» **Provided data**

Segment Open

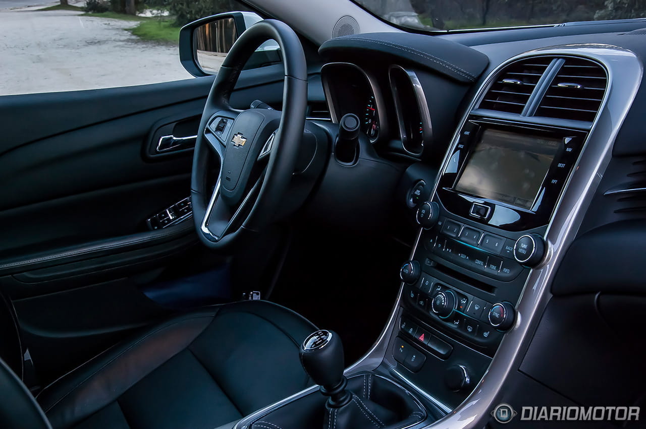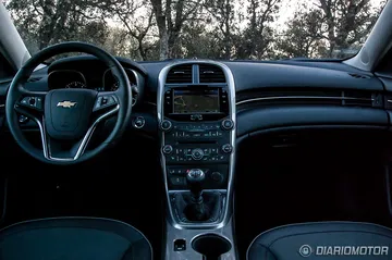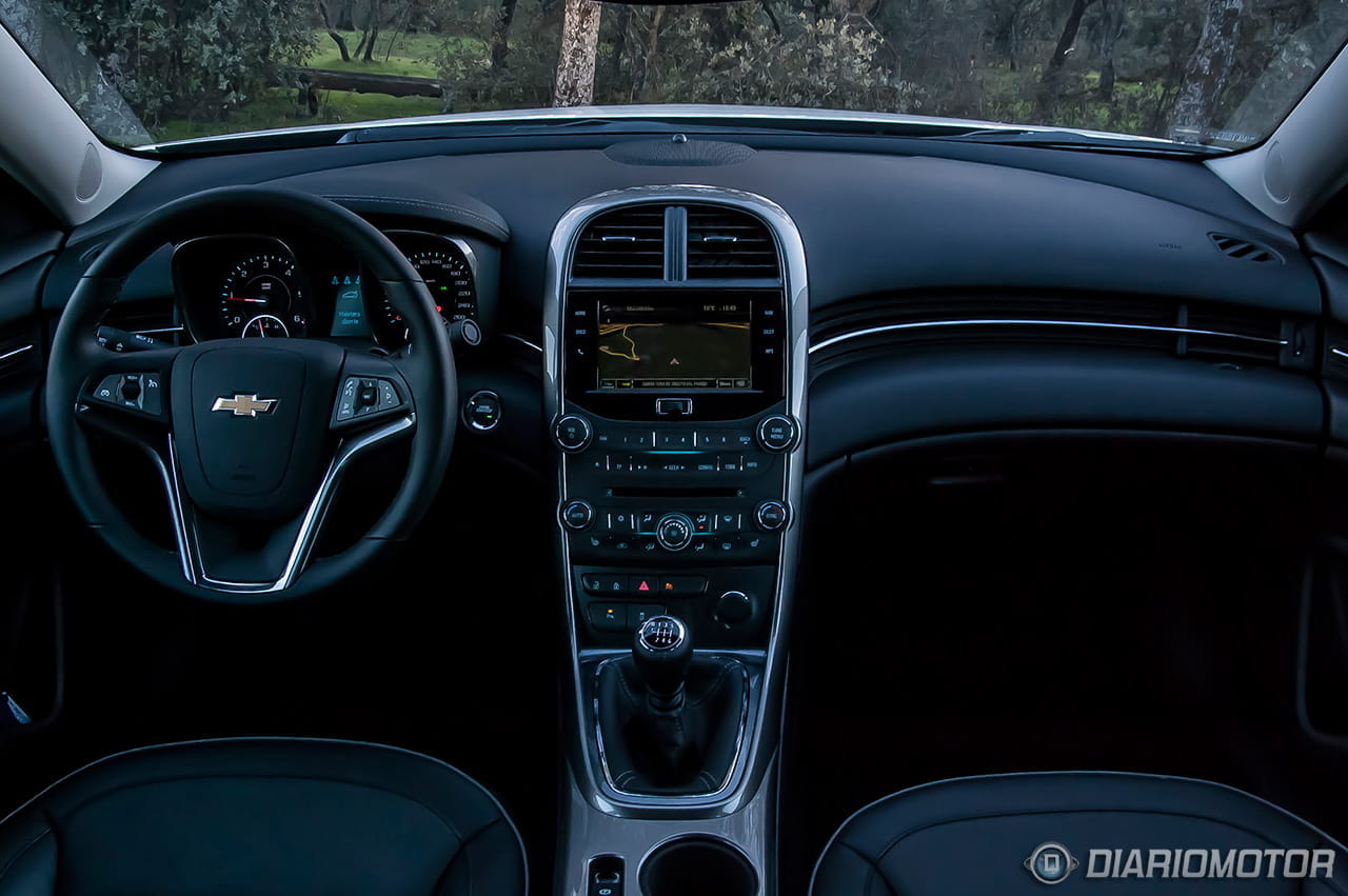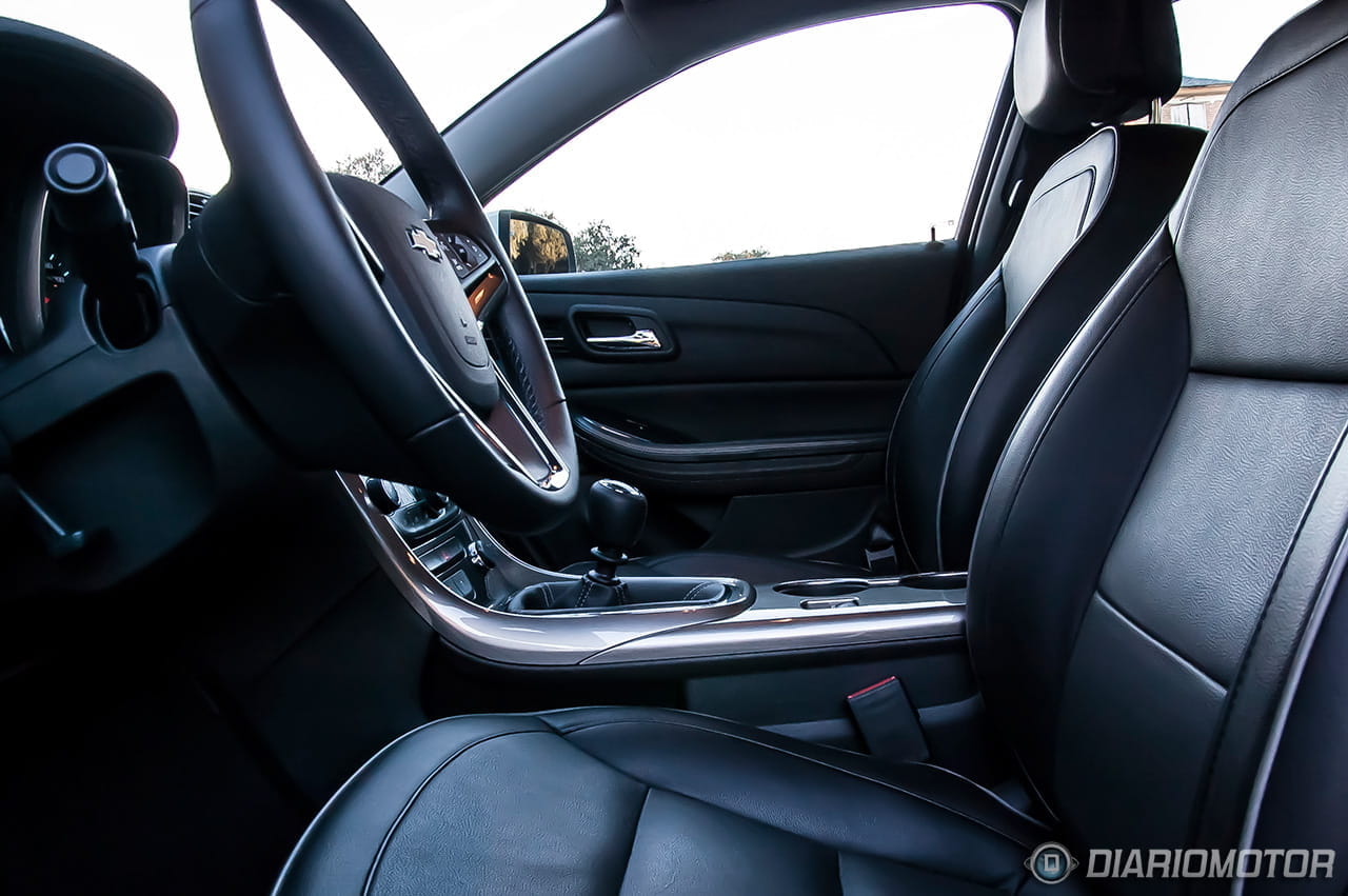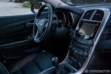 Si por fuera el Chevrolet Malibu ya revela su carácter americano, en el interior lo confirmamos con el diseño inteligente, pero sobrio, del salpicadero. La zona del acompañante ha sido perfilada con una concavidad que aporta un poco más de espacio para este y una línea cromada, elegante de día y aún más de noche gracias a la iluminación de cortesía azulada que recorre la parte superior de las puertas y el salpicadero.
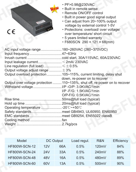 衡孚開關電源N+1系列HF800W-SCN-24(24V33A)產品詳情
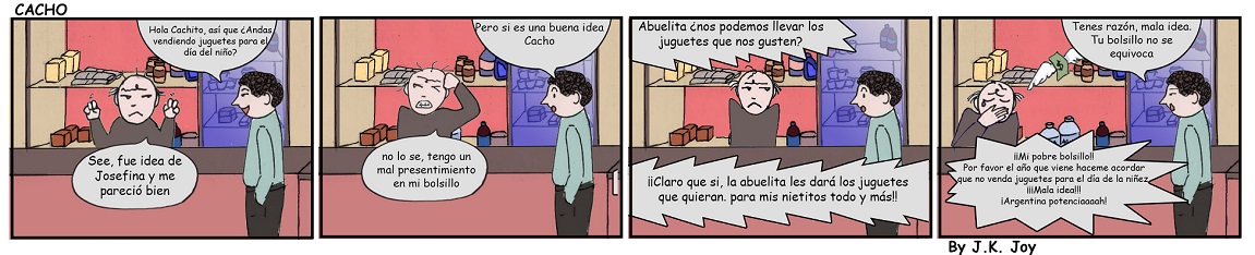 Actualidad Se viene el día de la niñez y el bolsillo de Cacho lo sabe 6 agosto, 2025 Compartir en Facebook Compartir en Twitter 🔊 Escuchar la entrada El personaje principal de la tira cómica de Diario Cuarto Poder , Cacho, Creado por J.K. Joy , se preocupa porque tuvo una mala idea de negocio, llevado por la ocurrencia de Josefina Comments Comentarios
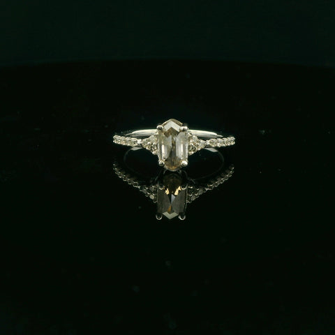 This exquisite multistone ring features a 1.09 ct Long Hex Cut Salt and Pepper Diamond with .18ct diamonds running down the 14k white band. The ring showcases a refined arrangement, enhancing the diamond's unique color...

Segment Closed

» **Task details**
Copy nothing but the lines above from the one with "Actualidad Se viene" through the end of the material, word for word, and drop the pictures.

» **Expected answer**
 Actualidad Se viene el día de la niñez y el bolsillo de Cacho lo sabe 6 agosto, 2025 Compartir en Facebook Compartir en Twitter 🔊 Escuchar la entrada El personaje principal de la tira cómica de Diario Cuarto Poder , Cacho, Creado por J.K. Joy , se preocupa porque tuvo una mala idea de negocio, llevado por la ocurrencia de Josefina Comments Comentarios
 This exquisite multistone ring features a 1.09 ct Long Hex Cut Salt and Pepper Diamond with .18ct diamonds running down the 14k white band. The ring showcases a refined arrangement, enhancing the diamond's unique color...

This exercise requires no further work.